Все еще надеялись на то, что распогодится, но с утра опять заморосил дождь. Под его шелестение, как под похоронный марш, вялые актеры с поднятыми воротниками кое-как проговаривали полузабытые роли на последней репетиции.

Администратор метался из угла в угол, не находя себе места, точно от зубной боли, бессмысленно выскакивал каждые пять минут на крыльцо посмотреть, не перестал ли дождь. Выглянув в двадцатый раз, он погрозил кулаком в небо.

- Сволочь, - свистящим шепотом прошипел он сквозь зубы и с таким ожесточением закинул длинное кашне, что оно, обернувшись вокруг шеи, снова повисло, точно полотенце, свешиваясь двумя концами с плеч.

- А Поплавский, когда держал "Аркадию", - сказал сморщенный, маленький актер, - все перед образом Николая-угодника молился. Трогательно, даже со слезами, бывало!.. А как пойдет дождь, он образ со стены стащит в в бочку с дождевой водой его! Кунает и приговаривает: "Хорошо тебе там? Ага, вот и мне так же!.."

- Слыхали, тыщу раз слыхали... Давайте скорей репетировать, господа, надо же хоть пообедать успеть, - страдальчески морщился герой-любовник, порывисто листая тетрадочку с невыученной ролью.

Администратор, опять не находя себе места, поплелся к выходу, заглянул в каморку с окошечком, где толстая кассирша мирно читала пухлый роман.

- Сколько билетов продали?

Она заметила ногтем строку и подняла глаза:

- Семь.

- Проклятое число. Все семь?.. Тьфу!..

К вечеру дождь прекратился. Вера вышла из дому слишком рано: все равно где томиться в ожидании. В парке бонны и няньки прогуливали детей в матросских курточках, старательно обходя лужи на дорожках. Кудрявый, светловолосый мальчик катил ей навстречу деревянный обруч, хохоча и разбрызгивая воду. У входа в театр афиши высыхали пятнами. Внутри было еще пустынно, только двое-трое подвыпивших актеров, видимо так и не уходивших с утра, кашляли и разговаривали где-то за дощатой перегородкой.

Она прошла к себе и тихонько притворила дверь, чтоб никого не видеть.

- Виталик, да ты никак гримироваться собираешься?

- Ну и что?

- А отменят?

- Ну и пусть. Ты погляди в окошко. Вон, видишь, идет?

- Ну, на пуделя похож.

- Он сейчас к кассе подходил, билет взял, я видел.

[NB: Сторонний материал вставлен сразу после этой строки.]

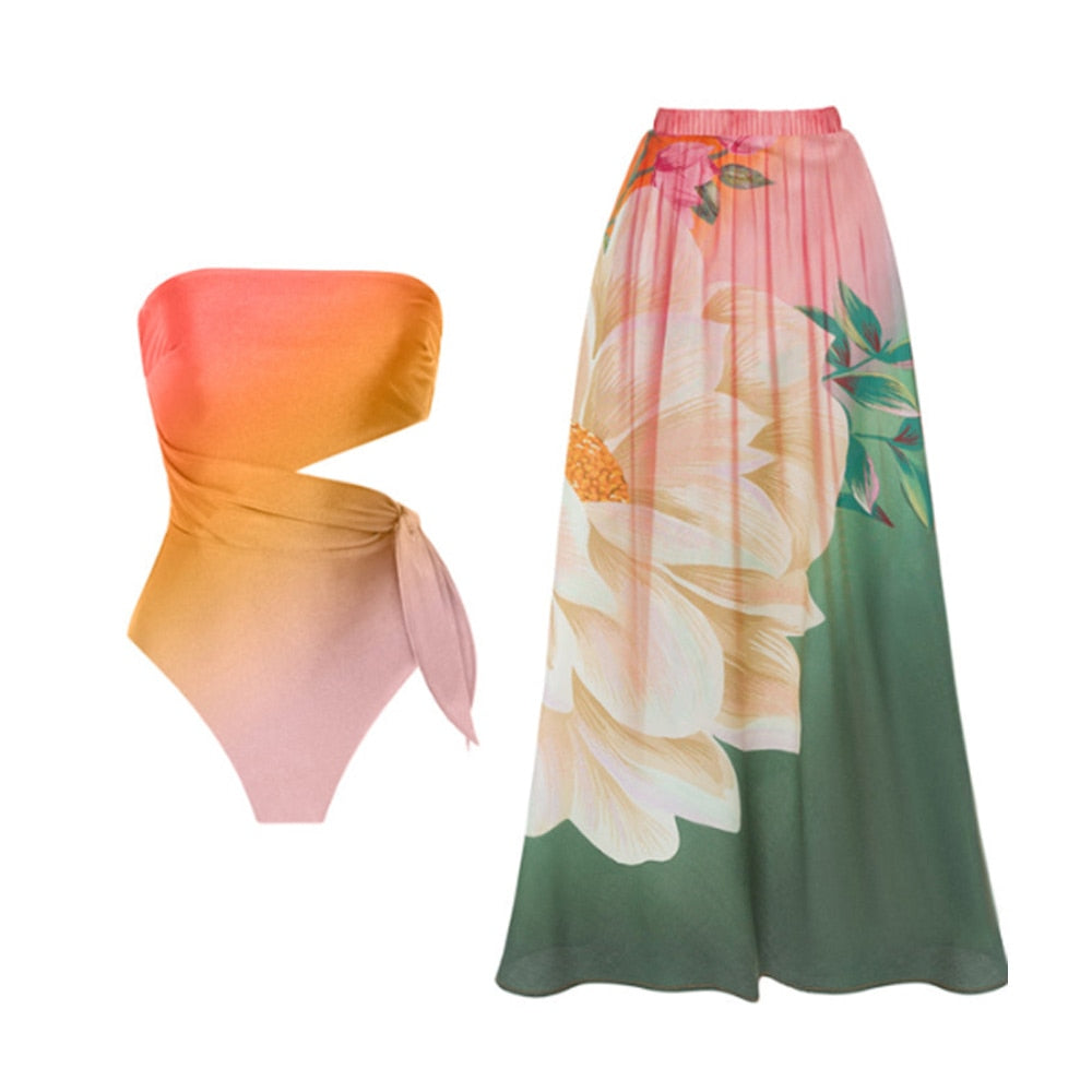 As saídas de praia em formato de saia também são famosas. Esse modelo cobre as pernas, mas os tecidos fluidos dão um efeito lindo em quem usa.

- Ай да пудель!.. Ну, бенефицык!.. Жаль Верочку.

- А что такое Верочка?

- Оставь, пожалуйста. Мне жаль. Мила.

- Мила. Но ведь не Савина.

- Не Савина. А все равно жаль...

Она еле слушала привычную актерскую болтовню, потом глубоко задумалась и совсем перестала слышать.

Очень долго она сидела, выпрямившись, давным-давно одетая и затянутая в костюме первого действия, загримированная, одна в своей дощатой клетушке. И оттого, что она давно уже, не отрывая глаз, смотрела прямо перед собой в зеркало, точно во время крещенского гадания, начинало казаться, что в темной глубине отражения мерцает и открывается какой-то неясный простор, точно взглядом проникаешь куда-то далеко за стенку, за дачный лес, за петербургские улицы и площади, в бескрайние поля, которых она никогда не видела, а только сердцем чувствовала всю их необъятность, когда поезд долгими днями и ночами бежит, а кругом все те же поля, перелески и степь, такая же сегодня, как была тысячу и три тысячи лет назад...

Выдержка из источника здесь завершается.